Marcel Proust

Le livre avait disparu. Le grand et lourd volume in-folio posé sur le banc avait disparu sous l’œil de dizaines de malades. Celui qui avait vu le vol ne le dirait pas. Il n’y a pas au monde de crime sans témoins, animés ou inanimés. Soit, et s’il y en avait malgré tout ? On pouvait se permettre d’oublier le mystère du vol d’un roman de Marcel Proust. On pouvait se taire aussi à cause d’une menace jetée en l’air, qui ne visait personne en particulier, mais dont l’action était imparable. Celui qui avait vu se tairait au nom du « j’ai peur ». Le bien fondé d’un tel silence était confirmé par toute la vie au camp, et pas seulement au camp, par toute la vie civile. N’importe quel cave avait pu voler le livre sur l’ordre d’un truand pour montrer son audace et son désir de faire partie du monde criminel, des maîtres de la vie du camp. N’importe quel cave avait pu voler le livre sans motif, juste comme ça, parce que le livre était laissé sans surveillance. En effet, il était posé à l’extrémité du banc, dans la grande cour du grand bâtiment de pierre à deux étages de l’hôpital. Sur le banc, il y avait moi et Nina Bogatyriova. J’avais derrière moi les sommets de la Kolyma, dix ans d’errance dans ces montagnes ; quant à Nina, elle avait l’occupation, le front. Notre conversation, triste et inquiète, était finie depuis longtemps.
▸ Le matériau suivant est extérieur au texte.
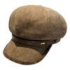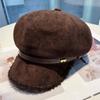 Vintage Faux Suede Newsboy Cap Women Autumn Winter Warm Octagonal Hat with Belt Buckle Elegant Versatile Baker Boy Hat

Les jours de soleil, on sortait les malades pour la promenade, les femmes à part, et Nina les surveillait en tant qu’aide-soignante.

Je l’accompagnai jusqu’au coin et je revins ; le banc était toujours inoccupé ; les malades qui se promenaient n’osaient pas s’y asseoir pensant qu’il était réservé aux aides-médecins, aux infirmières, aux surveillants et à l’escorte.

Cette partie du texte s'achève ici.